ACTIVITY →
In the entries below, find the line with "- Камин выполнен" and the line with "Wenn Sie eine". Reproduce those two lines and every line between them exactly, and nothing more.

RECORD EXCERPTS →
______________________________

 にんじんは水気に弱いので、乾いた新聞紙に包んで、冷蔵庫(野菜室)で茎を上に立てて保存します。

______________________________

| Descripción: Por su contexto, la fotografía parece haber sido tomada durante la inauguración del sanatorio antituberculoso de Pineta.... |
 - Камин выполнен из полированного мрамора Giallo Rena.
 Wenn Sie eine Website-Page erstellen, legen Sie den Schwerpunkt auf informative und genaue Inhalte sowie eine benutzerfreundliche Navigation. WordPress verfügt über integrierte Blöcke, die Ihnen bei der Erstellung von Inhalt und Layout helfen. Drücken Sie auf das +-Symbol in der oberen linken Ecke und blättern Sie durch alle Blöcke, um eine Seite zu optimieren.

______________________________

SOLUTION →
 - Камин выполнен из полированного мрамора Giallo Rena.
 Wenn Sie eine Website-Page erstellen, legen Sie den Schwerpunkt auf informative und genaue Inhalte sowie eine benutzerfreundliche Navigation. WordPress verfügt über integrierte Blöcke, die Ihnen bei der Erstellung von Inhalt und Layout helfen. Drücken Sie auf das +-Symbol in der oberen linken Ecke und blättern Sie durch alle Blöcke, um eine Seite zu optimieren.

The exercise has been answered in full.